A Budget in Five Acts · Sycamore Community Schools
A Story in Five Acts · 2015–2030

How Sycamore's budget grew $51 million — and why most of it was already written.

A factual reconstruction of the General Fund from FY15 to FY30, drawn entirely from Sycamore's own filings: the levy that was supposed to last five years, the $58 million reserve drawn to zero, the bond that became an operating drain, and the state policies that closed the gap between revenue and cost.

FY17
$76M
FY30 (projected)
$127M
A 67% nominal increase in General Fund expenditures over thirteen fiscal years. The scary version of that number is "spending is out of control." The honest version is more boring and more important: roughly half of it was contractually required, a quarter was capital and transfer mechanics that have nothing to do with classrooms, and the cliff at the end is mostly about revenue, not spending.

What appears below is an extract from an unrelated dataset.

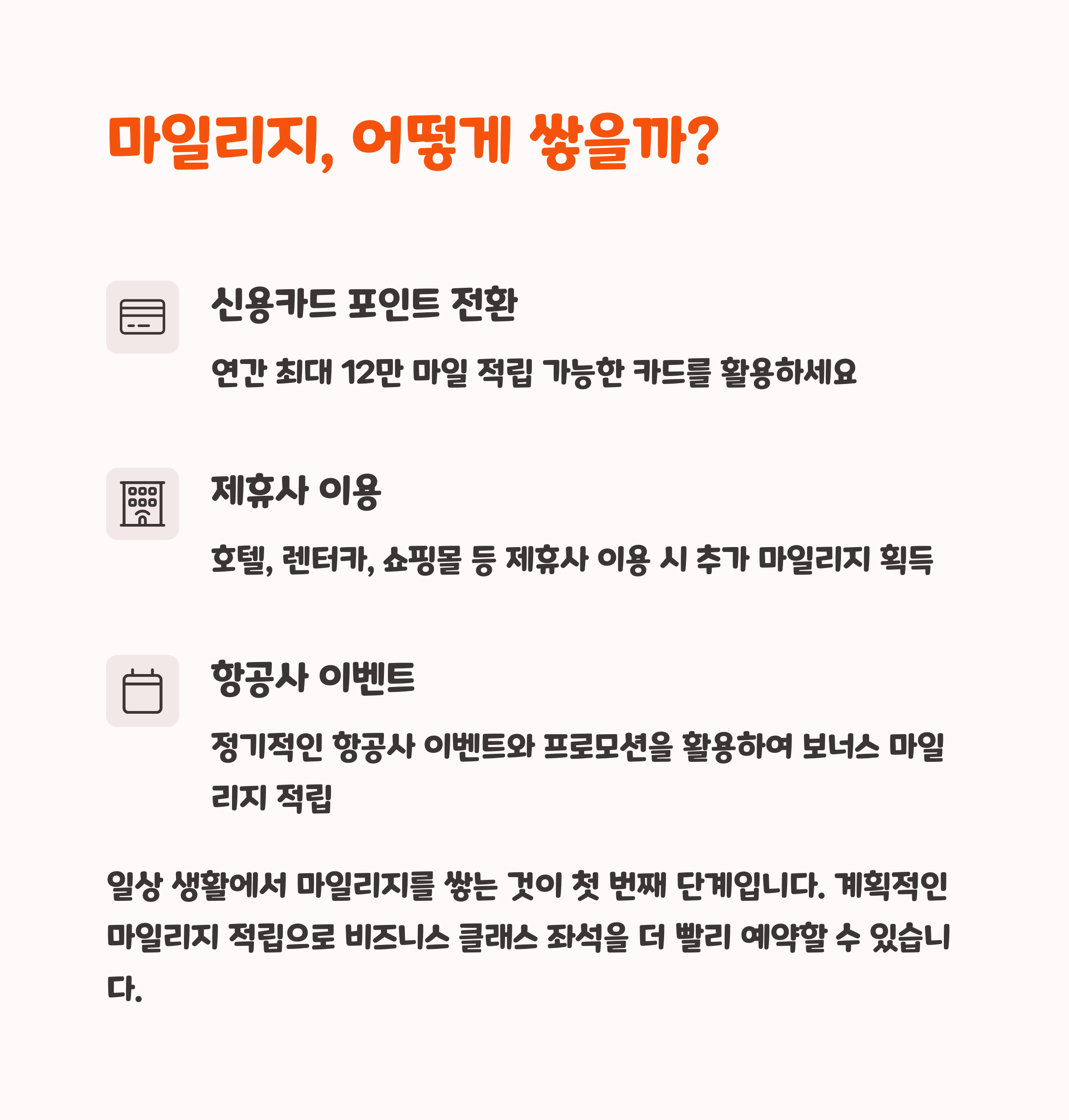 | 핵심 포인트 | 마일리지로 프리미엄 좌석을 저렴하게 이용하기 |

This is a story about a school district that did almost everything its policy framework asked of it. Sycamore Community Schools capped budget growth at 2.5% a year, joined a regional health-insurance consortium, signed a fourteen-year energy-performance contract, ran administrative restructurings that were cost-neutral, and stretched a 2016 operating levy that voters were promised would last five years into a tenth year by drawing down a $58 million cash reserve rather than coming back to the ballot.

And it still hit a cliff. Not because the district lost discipline, and not because any one administrator made a catastrophic call. The cliff arrived because four structural forces — a property-tax statute from 1976, a contractual cost curve that compounds, a 2019 facility bond whose operating tail landed on the General Fund, and a state legislature that froze the funding formula it had just designed — all came due in the same five-year window.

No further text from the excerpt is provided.